BROADCAST TRANSCRIPT:
Did you know that 436,000 Americans die yearly from cardiac arrest? I'm Eric J. Dockery, your Bakersfield neighborhood reporter. The first week of June, is considered CPR and AED awareness week. I have a chance to share this helpful information with all residents.

When someone is experiencing cardiac arrest, their heart has stopped pumping blood to the brain. First responders, can easily take up to 10-12 minutes trying to reach the victim. So you have to keep pumping their chest until then for survival.

Bakersfield Cardiologist, Dr. Pampana Gowd said "Each minute you lose, or if you don't act the survival and the chances of brain damage increase. Every minute counts, for about 5-6 minutes your brain is dead. So, it's very important to act immediately."

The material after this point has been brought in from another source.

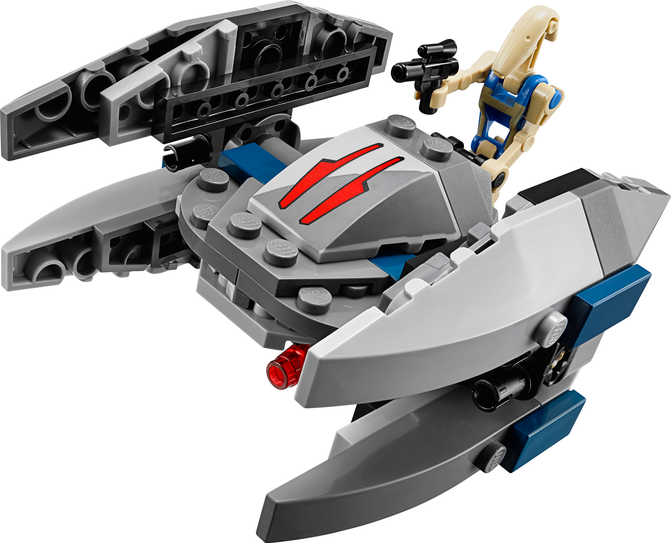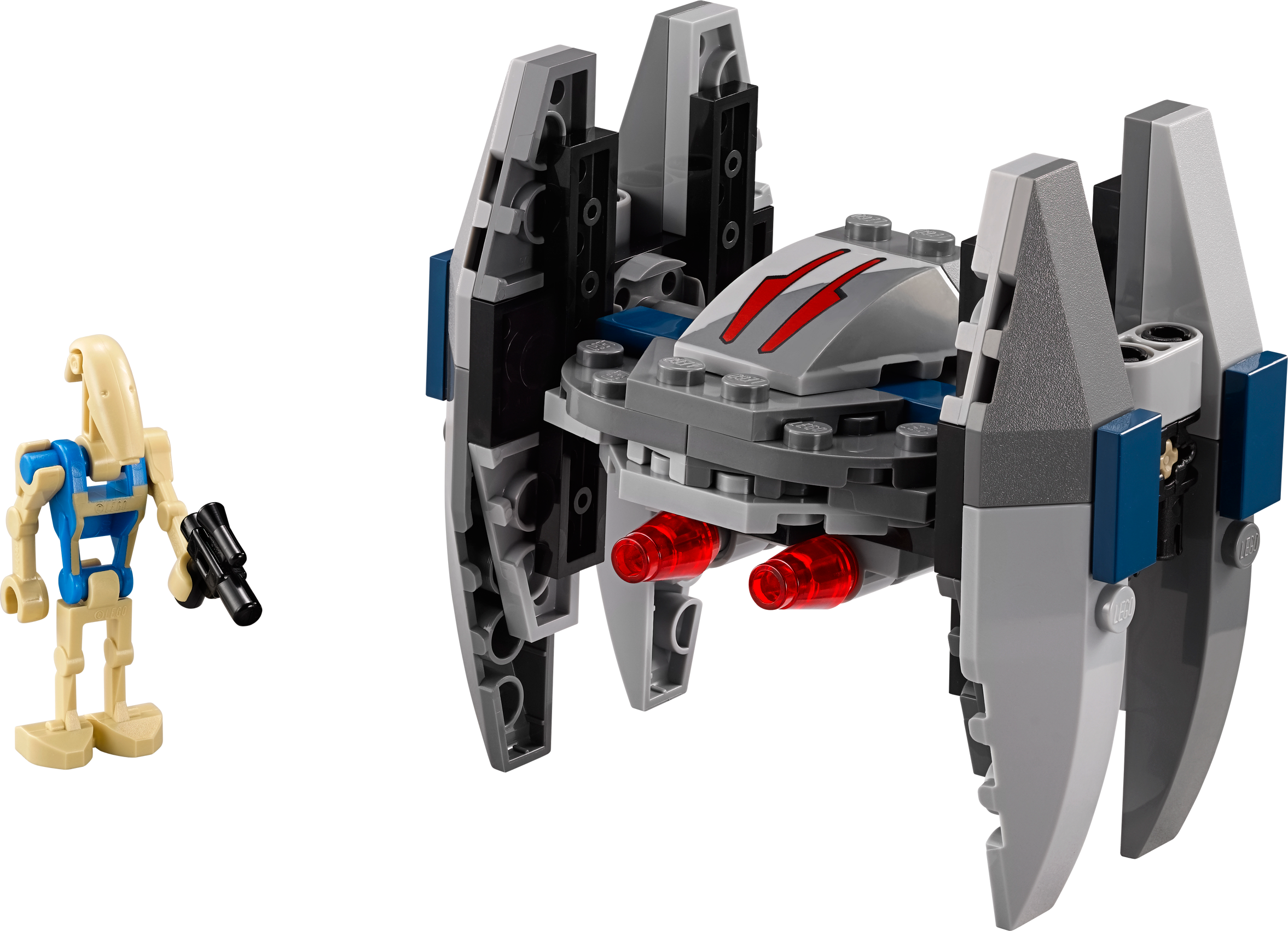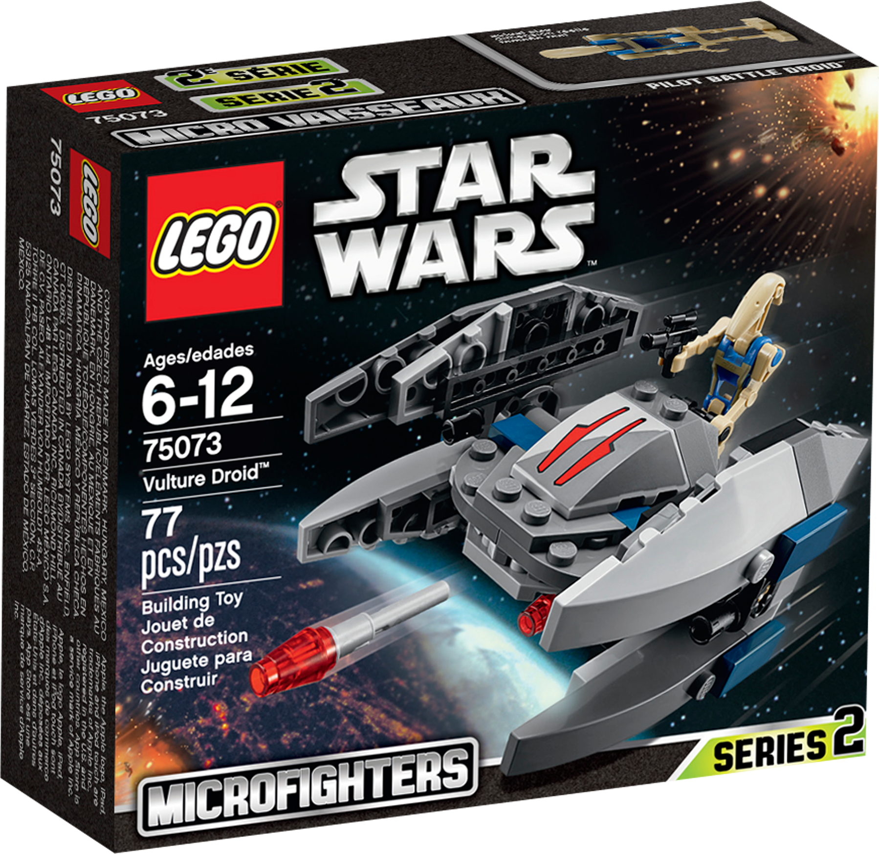 Lead the Vulture Droid microfighter into battle against the Republic! Prepare to attack the Republic with the deadly LEGO® Star Wars Vulture Droid microfighter. This cool mini version of the Separatist attack droid features some great details, like 2 flick missiles, wings that rotate for walker and flight modes, and even a mini cockpit for the Pilot Battle Droid to sit in. Jump in, activate flying mode and go hunt down Republic forces in the skies above Coruscant! Includes a Pilot Battle Droid figure with a blaster pistol Includes a Pilot Battle Droid figure with a blaster pistol Features realistic detailing, 2 flick missiles, rotating wings for walker and flight modes and a mini cockpit for the Pilot Battle Droid minifigure to sit in Rotate the wings and speed into space Amazing miniature version of the Droid featured in the Star Wars movies! Track down and intercept the 75072 LEGO® Star Wars ARC-170 Starfighter As seen in Star Wars: Episode III Revenge of the Sith Measures over 3” (9cm) high, 1” (4cm) long and 3” (8cm) wide in walker mode, and over 2” (7cm) high, 3” (8cm) long and 3” (8cm) wide in flight mode

Bakersfield Neighborhood Reporter Eric Dockery learning the technique of how to do CPR
Bakersfield Neighborhood Reporter Eric Dockery learning the technique of how to do CPR

There are two methods to begin CPR, mouth-to-mouth and hands only.
Both are productive, but recently health providers have been recommending hands only. Due to not having to put your mouth on the subjects.

Bakersfield Fire Trevor Kuswa demonstrates hands only and its importance. He said "You're going to want to place the heel of your hand on the center of the chest. Then place the other hand on top of that. You're going to want to put your body weight into it. You're looking ideally for two inches of compression with a full retraction back out for quality CPR. The rate you're going to want to go at is 100 per minute."

Chief Mike Lencioni says learning hands-on CPR can be quick, just go to your local station and they'll teach you if you haven't had professional training. The more we all are aware the better chance another life has.

"Things to remember 75-80% of sudden cardiac arrest events happen at home. Having family members, or bystanders trained in CPR can almost double their chances of survival. So it is the difference between life and death" mentioned by Battalion Chief Bakersfield Fire Mike Lencioni.

You can learn how to save someone when they undergo a cardiac arrest from your local fire station, YouTube, or your health provider. For 23 ABC Im Eric J. Dockery.